We love tearing our own down.  Bob Marley was just a hooligan and ganja smoking troublemaker before Blackwell marketed him abroad.  Marcus Garvey, vilified at home, was worshipped abroad.  If you want to abuse Dr Lowe for not being “name-brand” don’t forget his partner, Dr Joseph Bryant, is a senior researcher at the University of Maryland’s Department of Medicine. He directs the Institute of Human Virology’s (IHV) Animal Models Division and is director of Maryland University Biotechnology Institute’s Animal Core Facility.

His IHV research team created the first transgenic rats whose DNA was manipulated to incorporate genes of HIV-1 opening new areas of human HIV/AIDS study for scientists.  This isn’t a pie-in-the-sky grasper for attention.  If he’s convinced that Dr Lowe’s work is worth pursuing, that’s good enough for me.  Local nay-sayers can continue to peddle traditionally approved medicines but why rely on conservatism alone to block possible future breakthroughs. Can “Old Man Beard” turn out to be the cure for HIV?  Anything’s possible if we believe.

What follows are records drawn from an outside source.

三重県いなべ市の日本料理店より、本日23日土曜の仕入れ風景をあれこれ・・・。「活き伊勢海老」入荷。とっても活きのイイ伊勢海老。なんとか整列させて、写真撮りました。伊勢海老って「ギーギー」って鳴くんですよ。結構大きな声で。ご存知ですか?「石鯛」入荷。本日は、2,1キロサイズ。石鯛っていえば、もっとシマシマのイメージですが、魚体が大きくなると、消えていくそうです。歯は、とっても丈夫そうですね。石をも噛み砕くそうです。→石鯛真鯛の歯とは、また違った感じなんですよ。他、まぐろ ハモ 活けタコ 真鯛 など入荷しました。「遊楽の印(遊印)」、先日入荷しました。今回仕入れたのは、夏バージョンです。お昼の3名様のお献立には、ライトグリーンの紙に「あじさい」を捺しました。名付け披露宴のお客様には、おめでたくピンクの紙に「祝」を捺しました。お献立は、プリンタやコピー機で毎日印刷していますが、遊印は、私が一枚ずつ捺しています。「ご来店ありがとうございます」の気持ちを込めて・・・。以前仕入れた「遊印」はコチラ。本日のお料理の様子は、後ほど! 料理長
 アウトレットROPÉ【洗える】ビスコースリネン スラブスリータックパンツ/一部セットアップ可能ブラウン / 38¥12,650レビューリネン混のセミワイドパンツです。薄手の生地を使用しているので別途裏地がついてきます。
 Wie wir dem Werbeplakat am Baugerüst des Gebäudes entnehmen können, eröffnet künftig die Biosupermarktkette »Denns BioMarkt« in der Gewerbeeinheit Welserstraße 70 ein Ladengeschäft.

There’s a message for these traditionalists in an apocryphal thalidomide story.  A boy, whose mother had taken Thalidomide, was born without torso or appendage just a head.  Yet, somehow, he survived.  As he grew older, his mother would put him on the buffet so he could see, through the window, children playing in the street.  He desperately wanted to join them but couldn’t.  One morning, as he was staring out the window, his Fairy Godmother appeared in a puff of smoke and granted him one wish.  He wished to be like other boys and play in the street.  With a wave of her magic wand, the boy’s wish came true.  Joyously, he rushed out into the street to play. Immediately, a speeding Mack Truck wiped him off the face of the earth.

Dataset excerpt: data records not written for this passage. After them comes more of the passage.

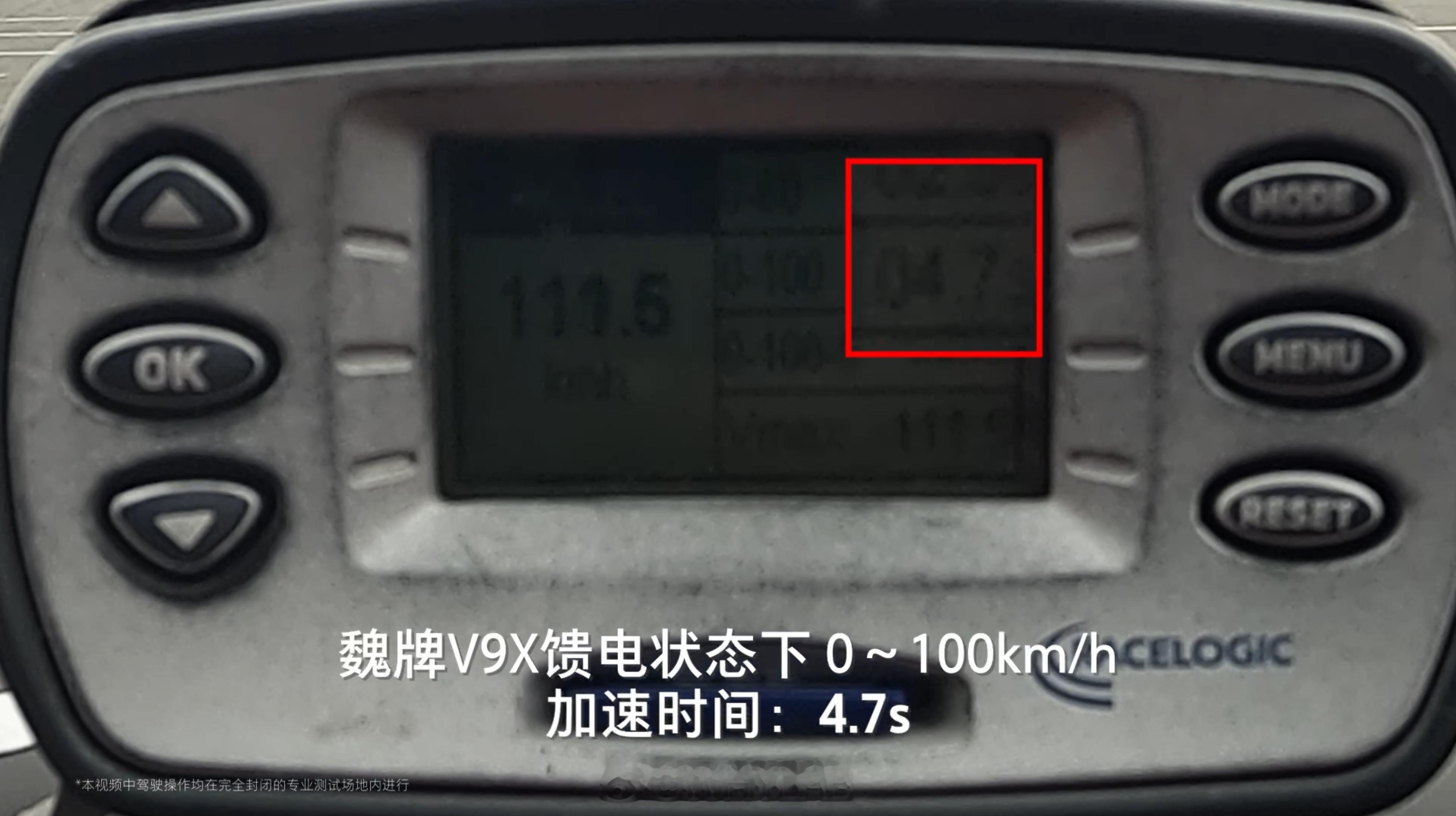 魏牌V9X 用上了一套 2.0T 超级 Hi4 系统,峰值功率 175kW,动力有足够的冗余,馈电状态下也有不错的表现。在徐水工厂,魏牌 V9X 零百加速测试馈电性能 (实测 4.7s) 完全不输满电性能 (实测 4.6s),并且在馈电满载状态下成功爬上 60% 坡度的测试坡道, 即使在 8% 的极限馈电状态依旧稳定输出极速 233km/h,这个表现,面对复杂情况也能从从容容,这才能被称之为六座豪华旗舰。
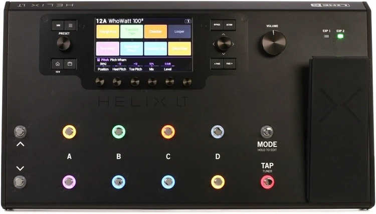 LINE 6 HELIX LT – многофункциональный процессор эффектов, компактная версия флагманской модели Helix от американского производителя Line 6, которая сохранила все необходимые каждому гитаристу функции, при этом заключена в уменьшенный и облегченный корпус. В данной модели используется инновационная технология моделирования звука и высококачественный двойной процессор DSP, который даёт возможность не просто воспроизвести звучание разных моделей знаменитых ламповых усилителей, но и точно передать их динамические характеристики. Модель Helix LT способна эмулировать звучания 62 усилителей и 37 кабинетов, а также 16 видов микрофонов. Доступны 102 различных эффекта. Модель имеет эргономичный и удобный интерфейс, оснащена цветным жидкокристаллическим экраном для наглядности отображения настроек. Предусмотрено двенадцать подсвечиваемых педальных переключателей с чувствительностью к силе нажатия. Интерфейс USB позволяет работать со звуком в качестве 24 бит/96 кГц, также имеется интерфейс MIDI для работы с различными внешними устройствами. Процессор заключен в прочный стальной корпус с покрытием черного цвета.
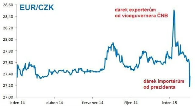 ČNB v příštích měsících těžko vzdá svůj závazek držet EUR/CZK nad 27 jen kvůli slovům prezidenta Miloše Zemana o nejmenování radních, kteří budou chtít devalvovat českou měnu. Současný vychýlený trh je dobrou příležitostí pro nákup eur. Pro importéry byla Zemanova slova podobným dárkem, jaký dostali exportéři v lednu od ČNB k prodeji eur nad 28 EUR/CZK. Exportéři by nyní měli být připraveni, až přijde nová příležitost zase pro ně. Ale pozor na příliš ambiciózní očekávání, úrovně EUR/CZK nad 28 už nemusejí přijít.
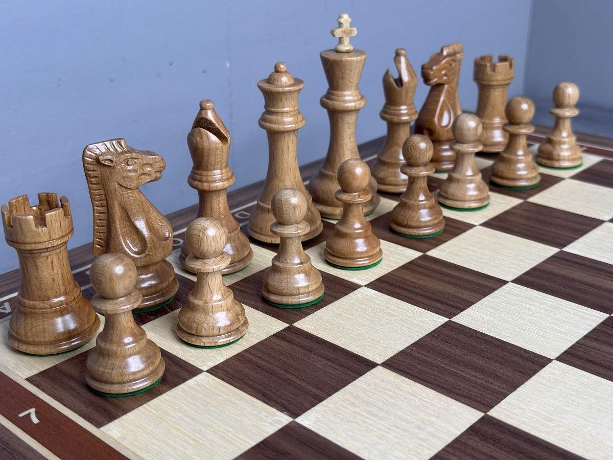 Фигуры: классические Стаунтон, массив дуба, высота короля 10 см, высота пешки 5 см, утяжелённые, с подклейкой основания
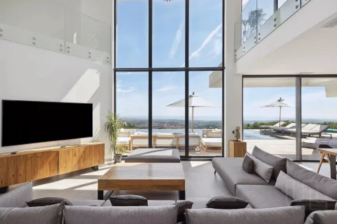 The villa features five generously proportioned bedrooms and a dedicated office, each space designed to offer both functionality and elegance. The heart of the home is a bright, open-plan living area that flows seamlessly into a fully equipped contemporary kitchen, all set against the stunning backdrop of panoramic sea views. The interiors are flooded with natural light, enhancing the home’s clean lines and modern aesthetic.
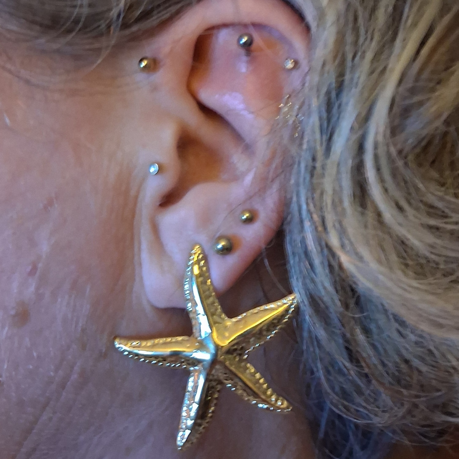 Description Boucles d'oreilles pendantes en forme d'étoile de mer en acier chirurgical 316L doré. Largeur 38 mm Hauteur 40 mm Matière(s) Acier . L'acier utilisé dans la bijouterie existe sous plusieurs qualités. Nous utilisons principalement la qualité 316L, qualité qui est utilisée en chirurgie. Cet acier est donc inoxydable et reste très résistant. Fermoir Tiges poussettes Couleur(s) dominante(s) Doré Public Adolescent , Adulte . Genre Femme , Fille . Saison Indémodable . Thème(s) Animaux , Nature . Rayon en magasin L109 Cliquez sur une matière, un thème, une couleur ou une collection pour voir tous les articles associés.

The moral of the story?  Quit while you’re ahead.

Peace and Love


One Response to “DOCTORS!”

  1. Liz Says:

    Love your article and agree wholeheartedly that “We love tearing our own down” until someone else gives recognition/praise, then we jump on the ban waggon, declare them born and bred Jamaicans and state how much we contributed to their success. Enjoy reading your articles. Keep up the good work.